Recently I learned of a 36 year-old mom in our neighborhood who died. Unexpectedly. Her family is emptied.

Earlier this year I lost my grandpa and uncle in close, unexpected succession. One week a part. My 4 year old poked my grandpa’s cheek as she tried to understand how he could be there in the casket, but so utterly not there. That the most real part of him was absent.

Six years ago I had my first miscarriage and felt my world fissure and shift. My six year old had just created wonderful diaper shaped announcements and given them to friends because she was so excited to be a big sister again. Suddenly she was confronted with a mother who couldn’t quite be there and the reality that the sibling suddenly wasn’t here either. That mommy’s tummy wasn’t so safe after all.

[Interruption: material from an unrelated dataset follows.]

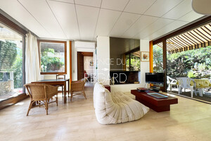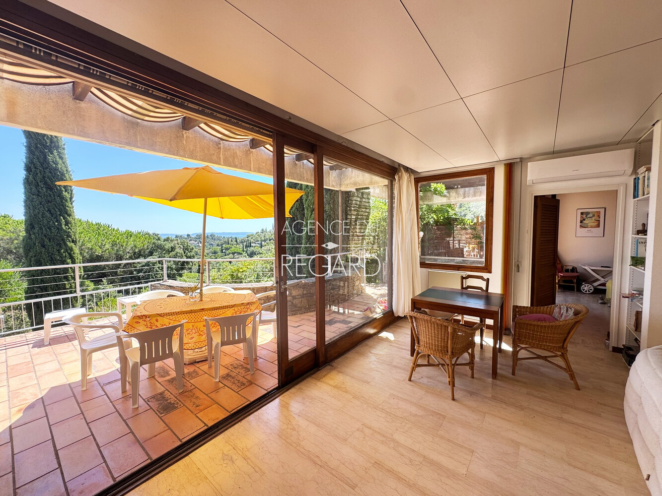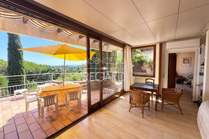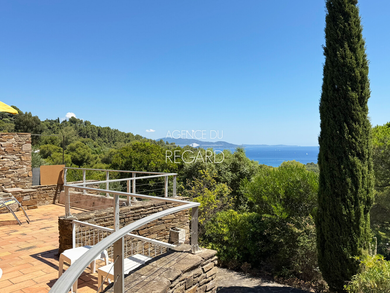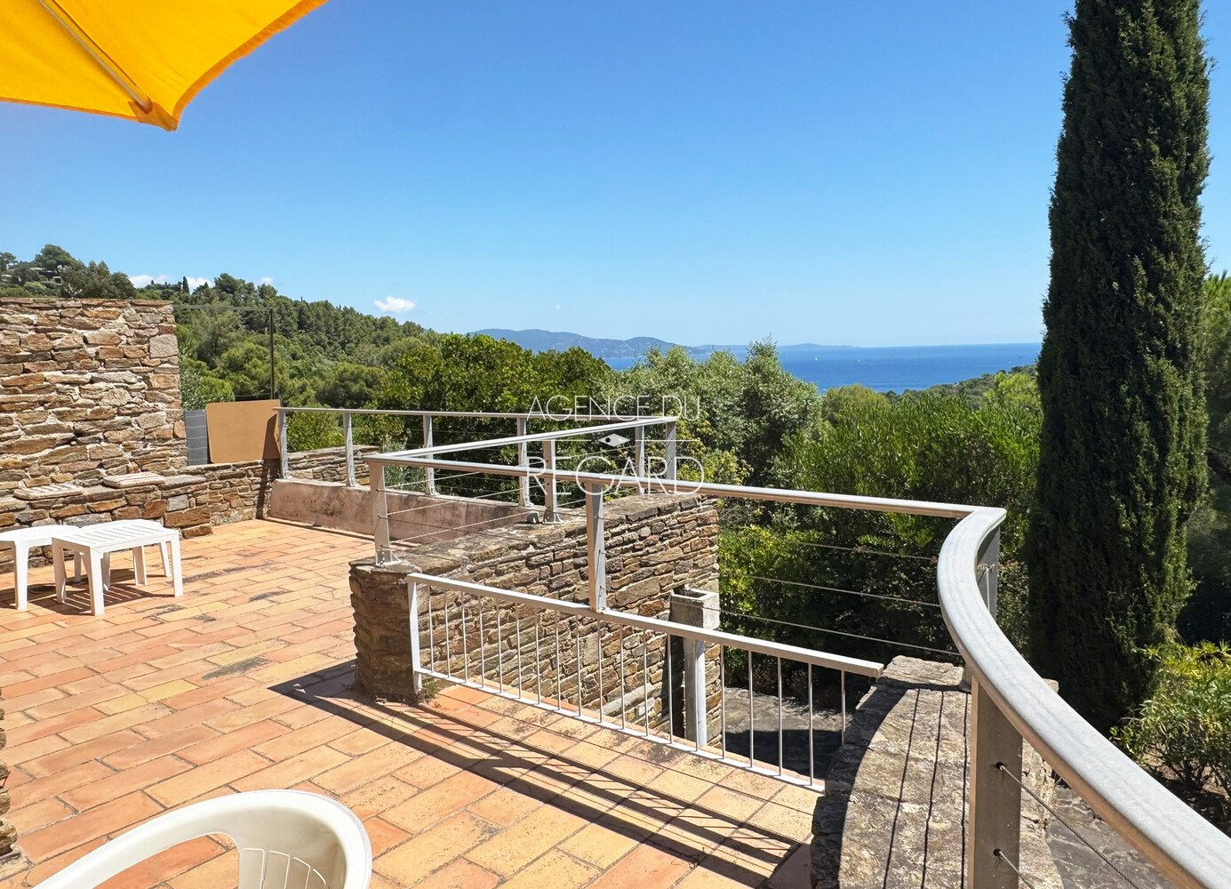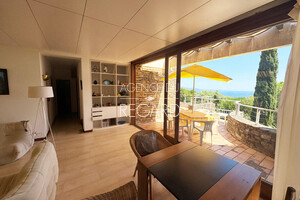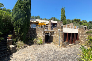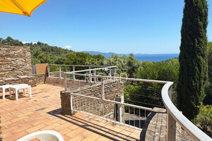 In Bormes-les-Mimosas, in the private and guarded Gaou Bénat domain, this 990sqm property boasts beautiful sea views across the Bay of Lavandou to Rayol-Canadel, including the Levant island. This 106sqm villa features 3 bedrooms and has undergone modern renovations. It extends into terraces that enjoy the sea view. A charming patio surrounded by a low stone wall and vegetation offers a transparent sea view from the living room. Workshop. Laundry room. Garage. DPE : E – GES : B

In each of these circumstances, my kids have been enveloped in grief. Sometimes it’s been theirs, sometimes it’s been a friend or loved one, other times it’s been the realization that something was possible. If we all took a moment, we could generate our own list of times that grief overwhelms our world. Sandy Hook. Moore, Oklahoma. The Twin Towers.

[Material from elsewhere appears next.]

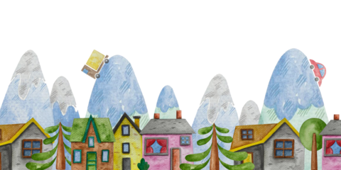 Landscape view of beautiful city by the sea, transparent background. Travel destination idea.

How do we live in a world broken by grief and sin and not become paralyzed by the what-ifs? How do we teach our children to live lives with one eye on eternity, but a determination to do everything they’ve been called to do for the span of time they are here?

I wish there were easy answers. I’ve searched for books to help answer the unanswerable questions. Will our beloved dog be in heaven? What will our baby look like when we get to heaven? Why would God allow that mother to die?

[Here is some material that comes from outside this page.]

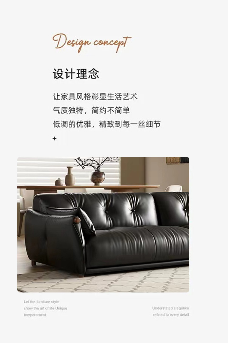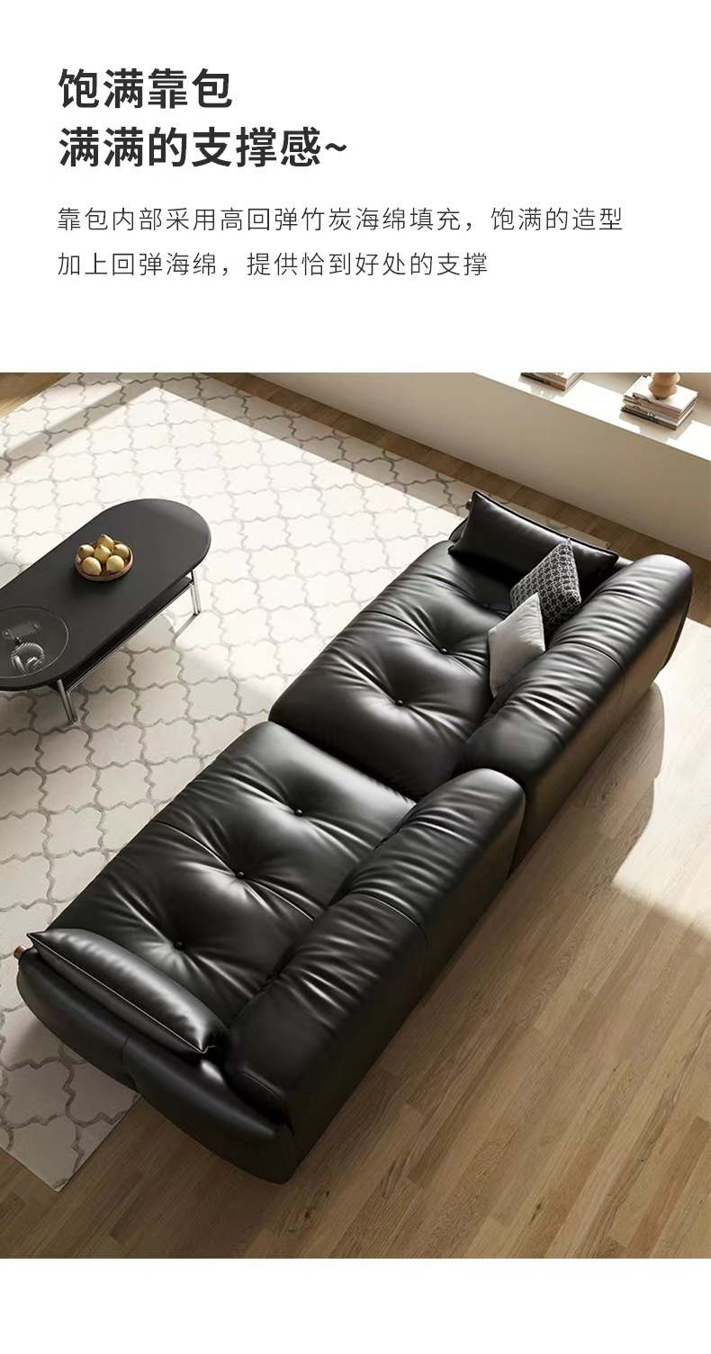 维利品尚 现代简约 接触面头层真皮+靠包:羽绒+羽丝棉+座包:水洗乳胶+高回弹竹炭海绵+落叶松木+高韧强力绷带+锰钢蛇形弹簧+五金脚 3.5米沙发¥9314

One thing I have determined is to ask the questions. To let my children watch me question but return time and again to the bedrock of my faith. Being a God-chaser doesn’t mean life is easy. Being a God-chaser doesn’t mean I always understand. But being a God-chaser means that when life is hard and the questions harsh and the valleys deep, I know who goes with me. And that is ultimately what I want my children to grasp.

2 Responses to "Grief & kids: a hard combination"

  • Anonymous says:

    This note hits home. Last Nov our 20 year old died in a car accident close to our home. Her 18 year old sister found her before the paramedics, and is still dealing with the aftermath. We had 6 children 16-26 The story is continuing. My dad is dying of cancer, our son went through a divorce, and my oldest daughter is not talking to us because of some family issues. What I am trying to say is that the Lord is near to us, He is helping us to trust when everything is hard, and He is good. No, we don’t understand why, nor does the pain go away as soon as we pray, but there is a bedrock of stability, peace, and love that is so very real– and I know it is the blood of Jesus protecting us and the Father’s unchanging love. thanks for being there!

  • Anonymous says:

    My son inherited a condition my doctors told me at first I had, then took it back. When they said I was ok, my husband and I decided to try to have children. When I was 3 months pregnant, they “took it back”, said they’d “made a mistake”. The result was that our son was born with a medical condition he will have to deal with for the rest of his life. In the end, we both are dealing with this situation. I tell him that we all have thing we deal with in life, this is just ours. But I sometimes get burdened with guilt over the situation. However, I have beaten the odds and I know he can too. I have faith that God with us, he knows our needs and whatever comes our way, he will give us strength to deal with it. Thank you for showing me I am not alone.